The Midnight OAuth
Incident Brief
Incident ID: SC-2026-04-001 Date/Time: Tuesday, 08 April 2026, 02:17 UTC Alert Source: Microsoft Sentinel — Custom analytics rule “Consent to application from non-corporate IP” Assigned to: You
At 02:17 UTC, a Sentinel analytics rule triggered: four users consented to an application named “DocuSign Integration Service” within a 90-minute window. All four consents originated from non-corporate IP addresses. The application requests the following permissions: Mail.ReadWrite, Files.Read.All, User.Read.
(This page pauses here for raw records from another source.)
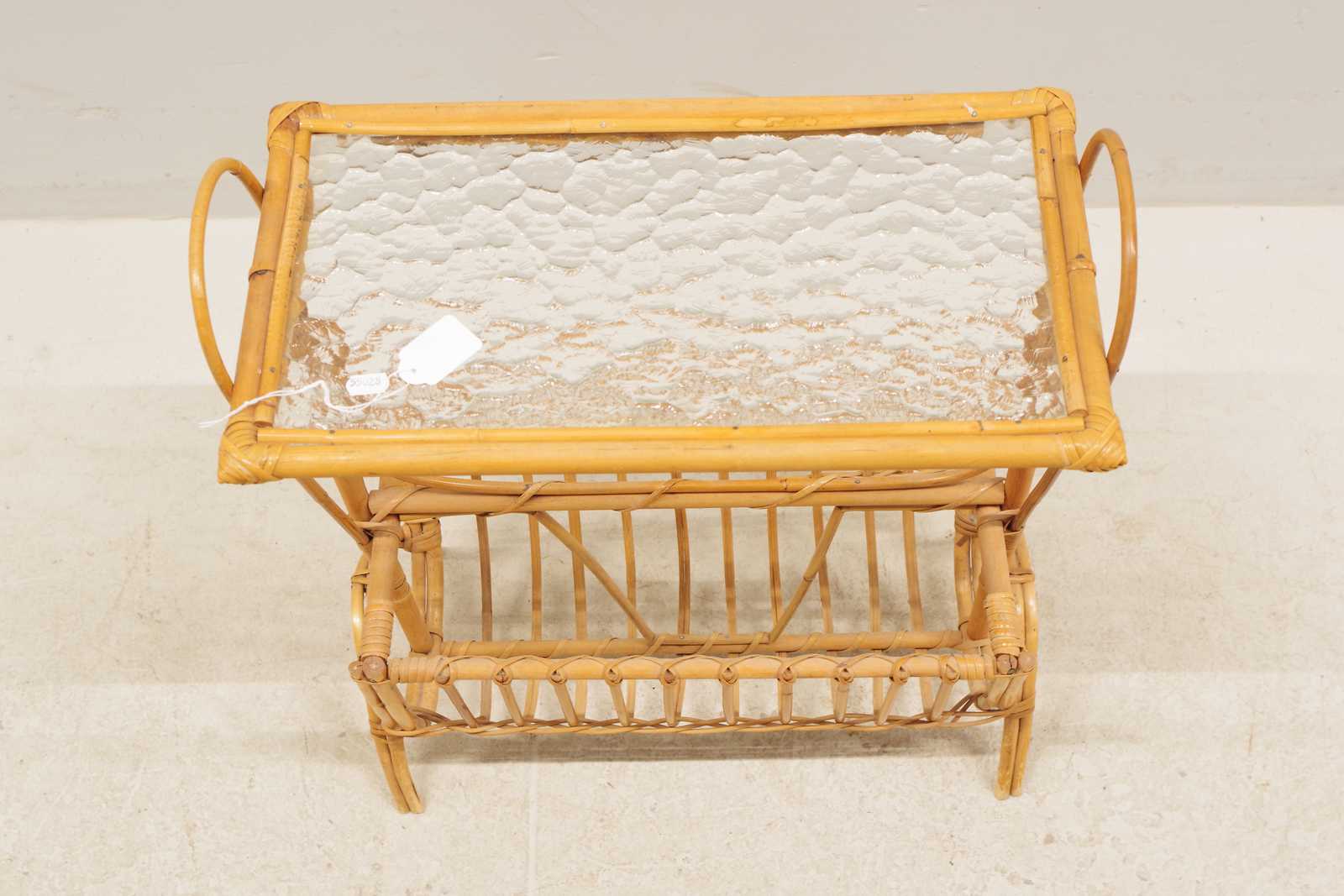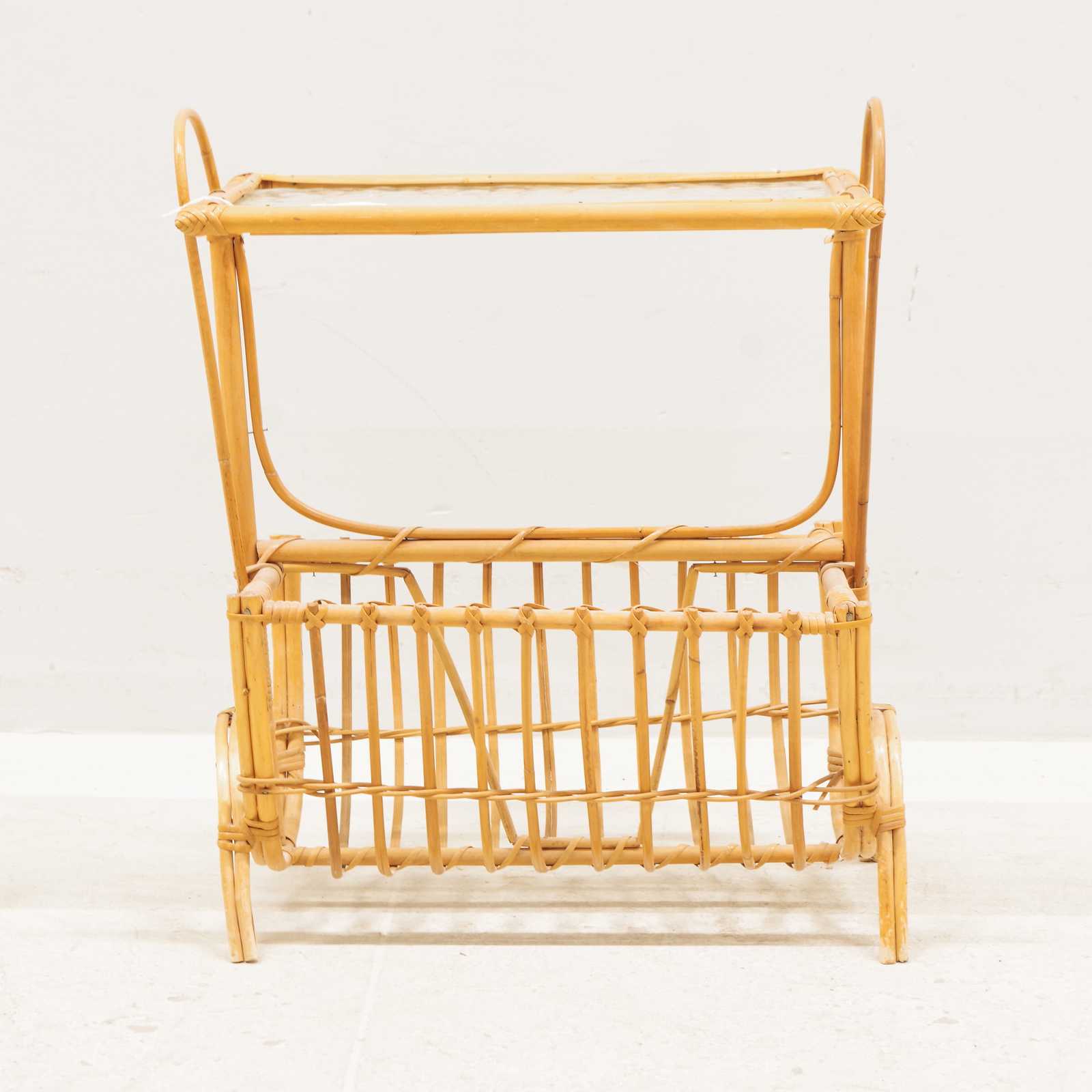Bilder SIDOBORD med tidningsställ, glasskiva, rotting, 1900 talets mitt. H:50x 44x 24cm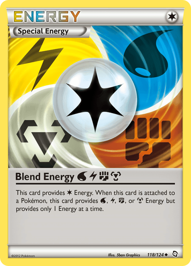 This card provides Colorless Energy. When this card is attached to a Pokémon, this card provides Water, Lightning, Fighting, or Metal Energy but provides only 1 Energy at a time.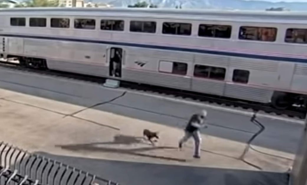 Footage was captured below that shows an officer running into the train when he heard gunshots, and then quickly retreat as he began to take fire from the suspect.
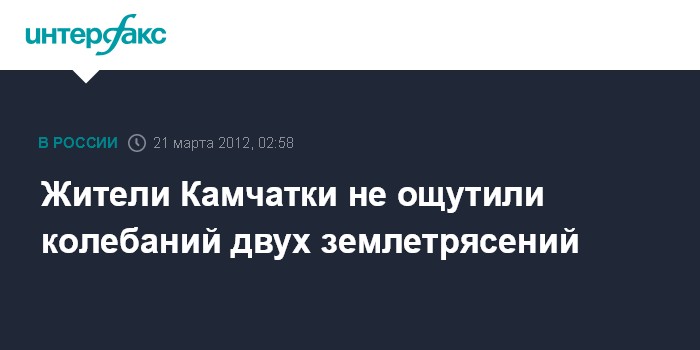 Петропавловск-Камчатский. 21 марта. ИНТЕРФАКС-ДАЛЬНИЙ ВОСТОК - Два землетрясения произошли в течение нескольких часов у восточного побережья Камчатки в среду.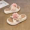 Fairy mesh yarn flower thick bottom one-word drag girl 2025 summer new small light comfortable non-slip cool slippers
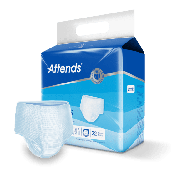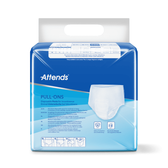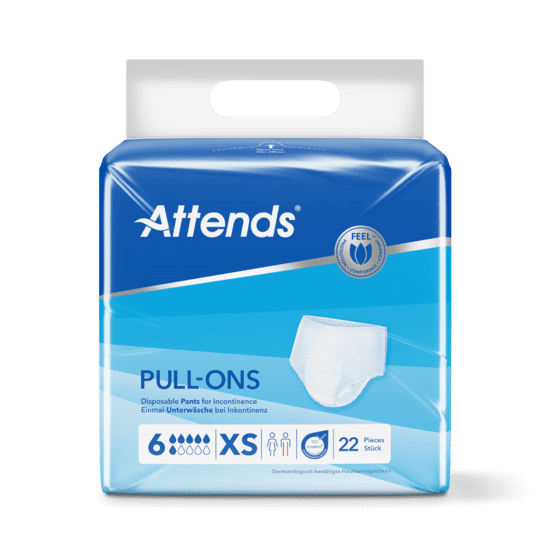 Attends Pull-Ons 6 XS are soft and discreet pants that feel like underwear. The disposable pants can easily be pulled up and down and they are designed to manage moderate to heavy incontinence. Attends Pull-Ons provide a superior fit for extra comfort. The highly absorbent core protects against leakage and odour, for an active life with the feeling of security.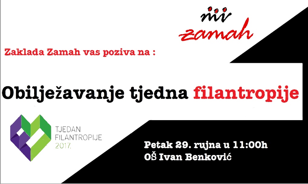 Tjedan filantropije u Osnovnoj školi Ivan Benković pod pokroviteljstvom Zaklade Zamah, održat će se u prostoriji školske knjižnice s početkom u 11 sati. Dnevni red programa čine priredba i najava Humanitarno sportsko-zabavnog događaja „Noina staza“; izložba likovnih radova na temu filantropije; kreativne radionice.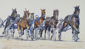 2021Thirty Nine and Fine leek mij een toepasselijke titel voor dit schilderij van de 39-jarige oude draver Zeres Boszorg (1982). Het paard kon geweldig hard lopen, maar bleek te onstuimig voor de baan. Ik was diep onder de indruk van deze, naar mensenjaren gerekend, honderdjarige. In mei 2022 overleed Zeres, veertig jaar oud.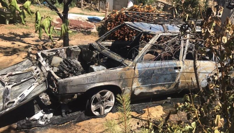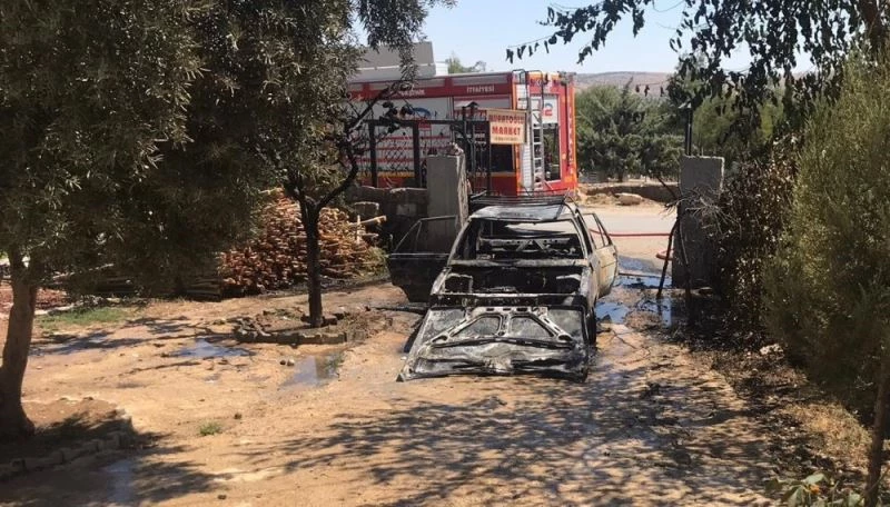 Adıyaman’ın Gölbaşı ilçesinde bir anda alev alan otomobil küle döndü.

The SOC lead assigns you the investigation. The four users are:
| User | Department | Consent Time (UTC) | IP Address |
|---|---|---|---|
| s.chen@northgateeng.com | IT | 02:17 | 198.51.100.44 |
| r.williams@northgateeng.com | Engineering | 02:31 | 198.51.100.44 |
| j.morrison@northgateeng.com | Finance | 02:48 | 198.51.100.51 |
| a.patel@northgateeng.com | Accounts Payable | 03:02 | 198.51.100.51 |
No user has reported anything suspicious. The consent alert was the only detection.
Your Investigation
Answer each question with supporting KQL evidence. Document your reasoning — not just the answer.
Phase 1: Application Assessment
Question 1. Is “DocuSign Integration Service” a legitimate Microsoft-verified application, or is it attacker-controlled? What evidence supports your conclusion?
Check the application registration: is the publisher verified? When was it registered? Is it in your tenant or an external tenant? The AuditLogs table and the Entra ID Enterprise Applications blade provide this data.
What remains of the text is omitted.